Tele-kulak mahkemeye taşınıyor
Abone olABD'deki terör davalarının avukatları, Ulusal Güvenlik Ajansı'nın, terör örgütü El Kaide ile bağlantılı bazı kişilerin telefonlarını dinlemesini mahkemeye taşıyor
ABD'deki terör davalarının avukatları, Amerikan Ulusal Güvenlik
Ajansı'nın (NSA), terör örgütü El Kaide ile bağlantılı bazı
kişilerin telefonlarını yasalara aykırı olarak dinlediği
gerekçesiyle dava açmaya hazırlanıyor. Amerikan basınındaki
haberlere göre Florida, Ohio, Oregon ve Virginia'da açılması
beklenen davalar telekulak skandalını büyütürken, ABD Başkanı
George W. Bush yönetiminin mahkemelerde terör davalarında kazandığı
önemli başarıların bazılarını tehlikeye atabilir. Dava açmaya
hazırlanan avukatlar, müvekkillerinin Amerikan Ulusal Güvenlik
Ajansı tarafından izlemeye alınıp alınmadığını öğrenmek ve durum
buysa Amerikan hükümetinin, yargıçları ve avukatları yanlış
yönlendirebilecek bazı kritik bilgileri gizli tutup tutmadığını
ortaya çıkarmak istiyor. Virginia'daki Richmond Üniversitesi'nde
Hukuk Profesörü olan Carl Tobias, Amerikan hükümetinin, bu konudaki
tartışmalarda “yüksek düzeyde hassas materyal” gerekçesini
kullanmasının beklenebileceğini, ancak ulusal güvenlik
ihtiyaçlarıyla sanıkların haklarını dengeleyecek yasal
mekanizmaların bulunduğunu söyledi. Sivil haklar savunucuları,
yasal uzmanlar ve bazı kongre üyeleri, Bush'un, arama emri olmadan
güvenlik ajansının belli kişileri dinlemesine izin verme hakkı
bulunmadığını ifade ediyor. Beyaz Saray ve ABD Adalet Bakanlığı ise
sürdürülen uygulamanın yasal olduğunu savunuyor. Beyaz Saray
sözcülerinden Trent Duffy, NSA'in ülkede bazı ana telefon hatlarına
girerek olası terörist konuşmaları yakalamaya çalıştığı yönündeki
haberlerle ilgili konuşmaktan kaçındı. Ancak Duffy, “Bu sınırlı bir
program. Akşam yemeğinde ne var ya da küçükler ligiyle ilgili
düzenlemeleri içeren telefon konuşmalarından bahsetmiyoruz. Bu
izleme programları, trenleri, düğünleri, kiliseleri havaya uçurma
yönünde geçmişi olan çok kötü insanların telefon konuşmaları” dedi.
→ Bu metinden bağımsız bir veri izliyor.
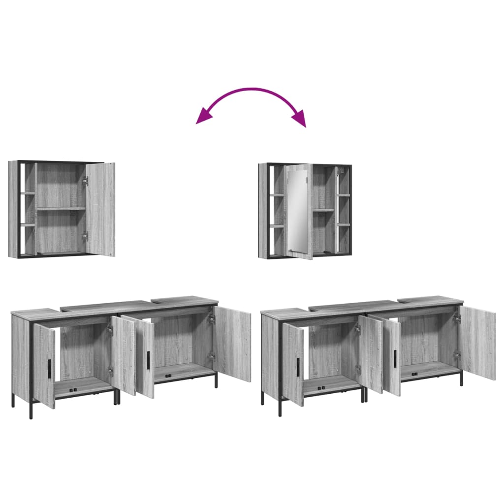 badeværelsesskabe 3 dele konstrueret træ grå sonoma-eg
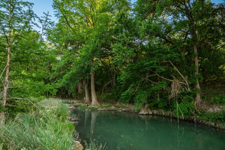 The aquamarine waters of Cypress Creek, which eventually feed into the Guadalupe River, meander through the farm for about of a mile. Towering cypress trees line the banks, crystalline water ripples over moss-covered rocks and pools beckon passersby to stop and splash.
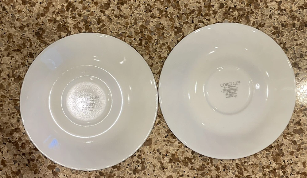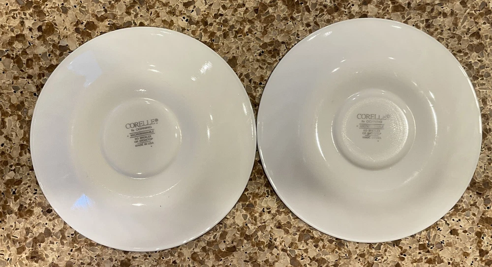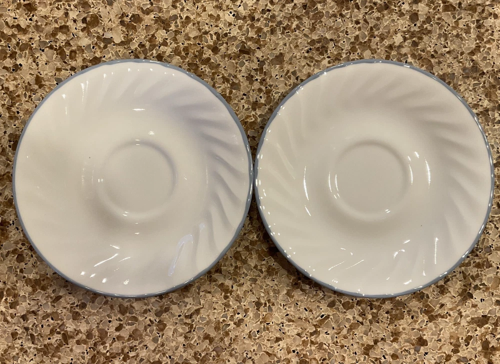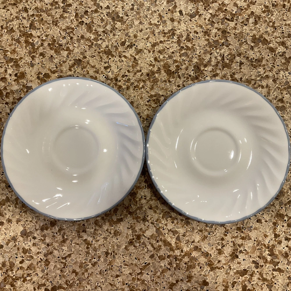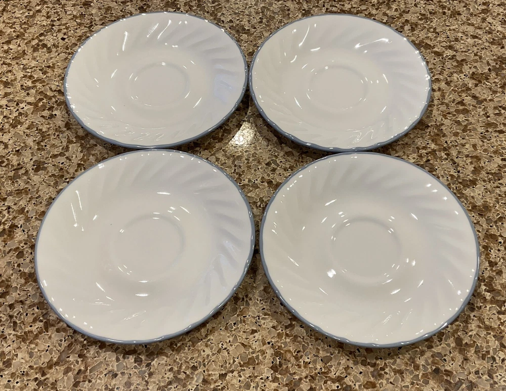 This set of four Corelle Enhancements Swirl Saucers with Blue Trim is perfect for those looking to add a touch of elegance to their dining table or need replacement pieces. The saucers are crafted from high-quality materials and feature a beautiful swirl pattern that is sure to impress your guests. The blue trim adds a pop of color to the classic white saucecers, making them a great addition to any table setting. Each saucer is designed to hold one cup and is perfect for use with a variety of foods, including pizza, pasta, and sandwiches. They are easy to clean and maintain, making them a practical choice for everyday use. Whether you're hosting a dinner party or just enjoying a casual meal with your family, these Corelle saucers are sure to impress. Each saucer is 6 inches in width and they are new. Excellent condition.
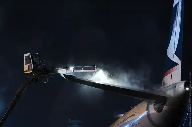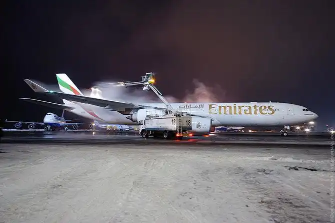 Конечно эффектней всего деайсинг смотрится в темное время суток. Обрабатывают самолет компании Emirates.
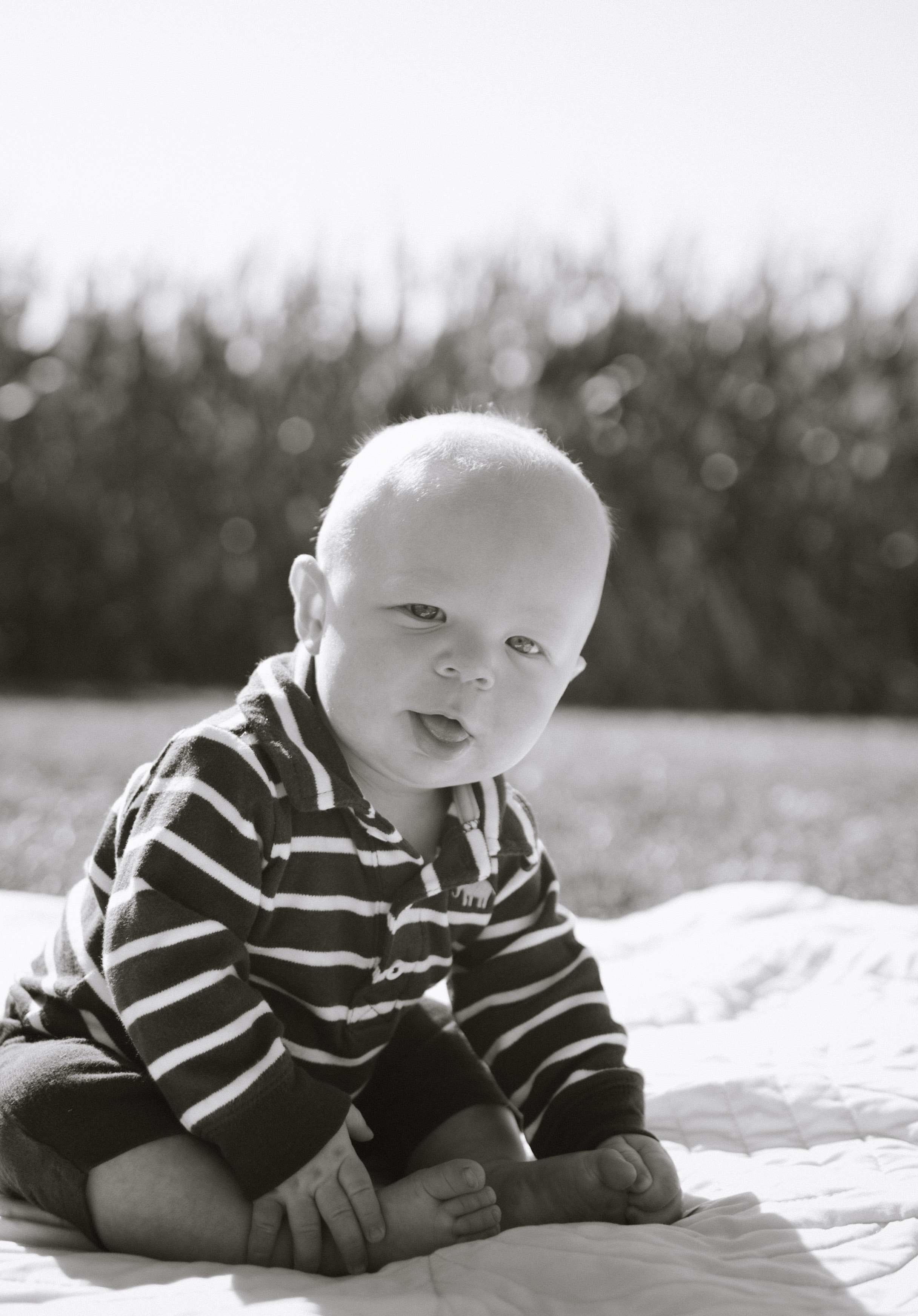 Our little man has been rolling over for a few months now, and has recently started sitting up all on his own — such a big boy! He likes having his hands free so he can play with more toys and put them in his mouth.

Duffy, Bush'un bu yönde yetki sahibi olduğuna inandığını ve bu
yetkisini anayasal hakkı çerçevesinde sınırlı bir programda
kullandığını, bu yönde Amerikan kongresine de bilgi verildiğini
kaydetti. Bush yönetimi yetkilileri, bu dinleme programı sayesinde,
Brooklyn Köprüsü'nü havaya uçurmayı planladığını itiraf eden
Ohio'daki El Kaide bağlantılı Iyman Faris ile İngiliz hedeflerini
bombalamayı planlayan Muhammed Cüneyd Babar'ın yakalanmasını örnek
gösteriyor. Virginia'daki bir davada, Müslüman akademisyen olan Ali
El Timimi'nin, 11 Eylül'ü takip eden günlerde terörizmle olası
bağlantısı gerekçe gösterilerek sorgulandığı, ancak Amerikan
hükümetinin, El Timimi'yi neden şüpheli olarak gördüğünü ortaya
koyamadığı ve büyük bir olasılıkla telefon dinleme yönteminin
kullanıldığı belirtiliyor. El Timimi, gençleri ABD'ye karşı
yurtdışında savaşa kışkırtmaktan suçlanıyor. El Timimi'nin avukatı
ise sanığın telefonlarının dinlenip dinlenmediğinin ortaya
çıkmasının kilit olduğu kanısını taşıyor.